Born to mother, Kaushalya Devi Vasudeva, and father, Uttam Chand Vasudeva, on 6 October 1945. He graduated from the Indo Swiss Training Center in Chandigarh, India, and worked as an engineer in the Mahle Piston division at Escorts.

Vasudeva immigrated to Canada in September 1971 and gained experience in various industries. He started Maxi-Flow from his garage in 1977.  He also founded Mastercut Industries Inc in 1979, now known as Maxtech Consumer Products, whose specialty is designing and manufacturing hand tools and power tool accessories sold in Canada, the United States, Mexico, the United Kingdom and Germany.

Career 

Vasudeva has been a board member for the Automotive Parts Manufacturers' Association since 2001.

Vasudeva was a member of Team Canada, where he accompanied former Prime Minister Jean Chrétien on a trade mission to Asia in January 1997. During Prime Minister Justin Trudeau's visit to India in February, 2018, Vasudeva again was part of the delegation.

Vasudeva received Canadian Aboriginal & Minority Suppliers Council's 2020 Business Achievement Award in Special Recognition Category on behalf of Maxtech.

Vasudeva was named Outstanding Business Leader in 1998 by Wilfrid Laurier University.
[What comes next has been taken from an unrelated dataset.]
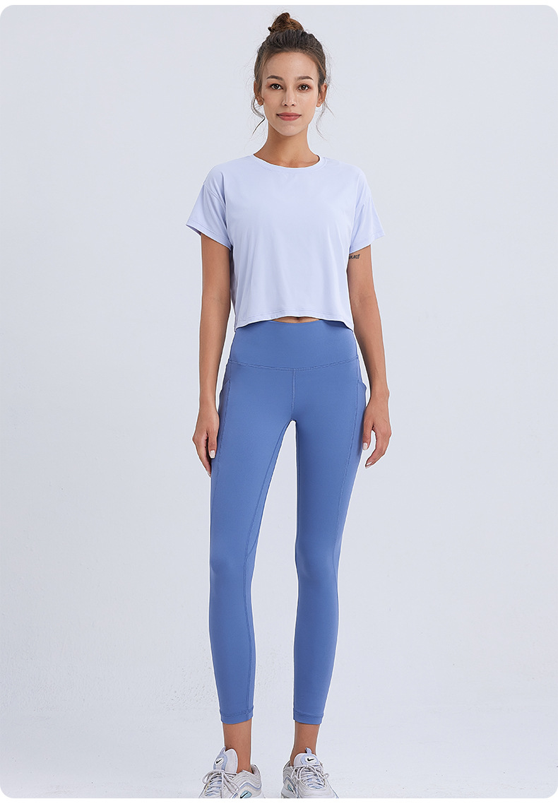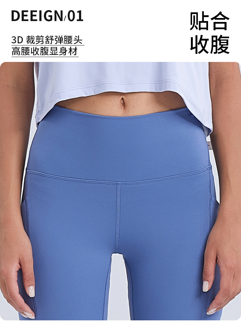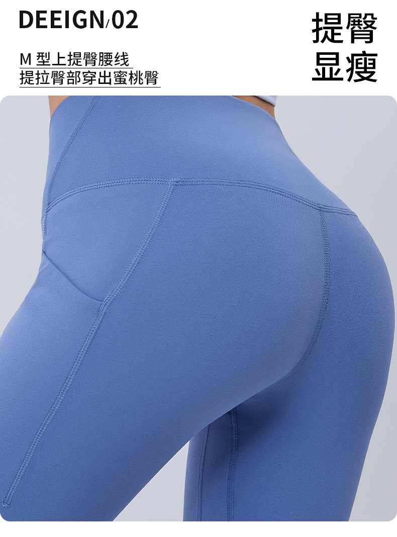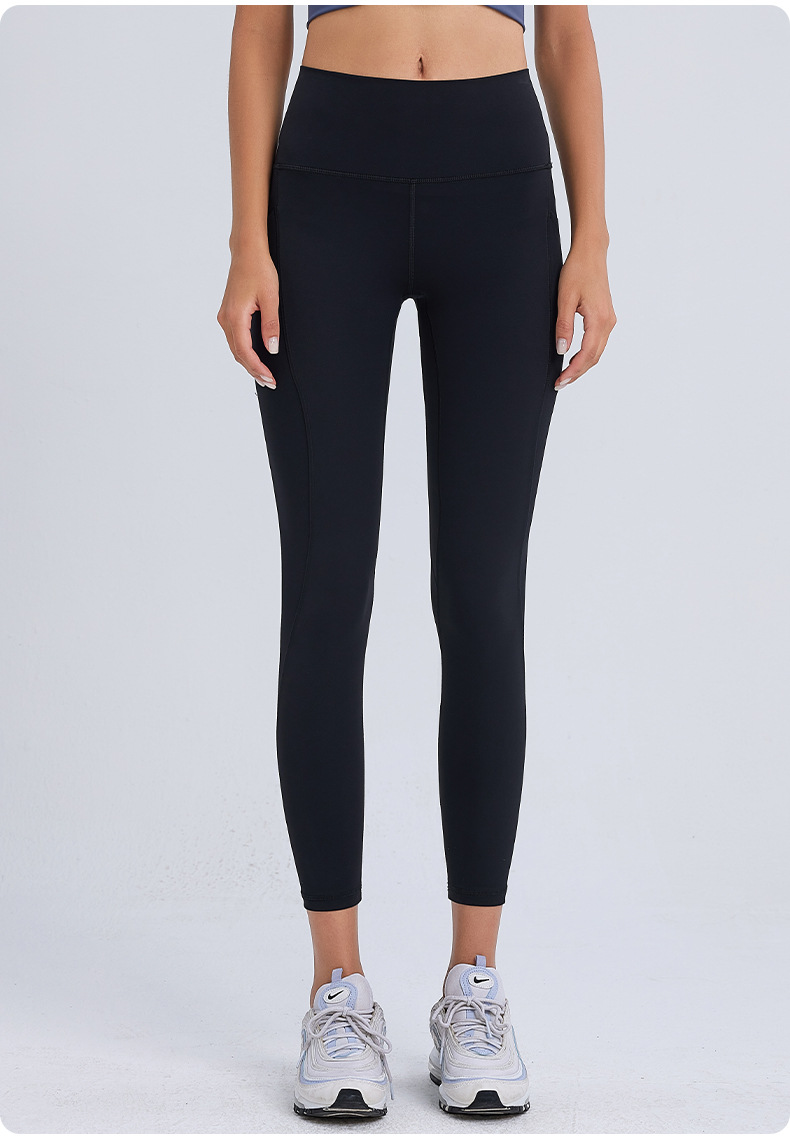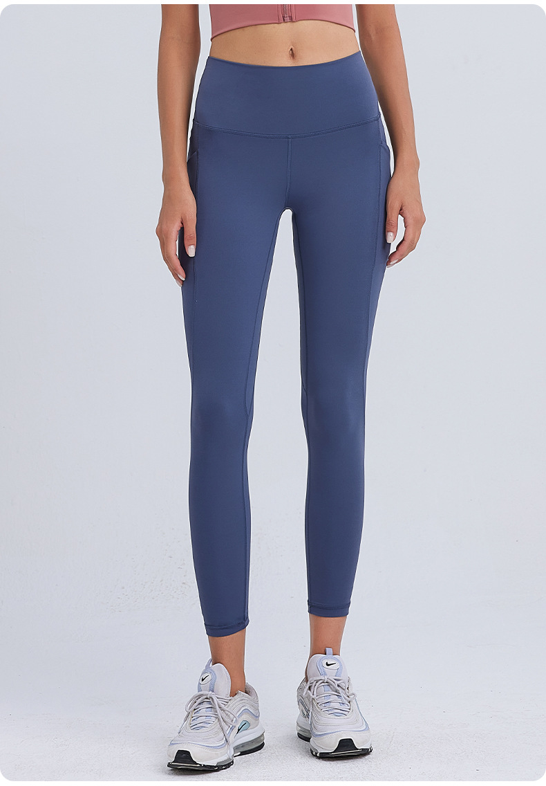ヌードハイウエストヨガウェアクロスウエストヒップリフティングおなかポケットスポーツレギンスランニングフィットネスヨガパンツ女性用

Vasudeva was named Businessman of the Year by the Indo-Canada Chamber of Commerce (ICCC) in 1997.

References

External links 

 The Record Article: Local bosses earn spot in finals for provincial business award; Waterloo's Maxtech, Guelph's Ranger Metals in running.  26 July 2000

Living people
Businesspeople of Indian descent
Canadian inventors
Canadian people of Indian descent
Year of birth missing (living people)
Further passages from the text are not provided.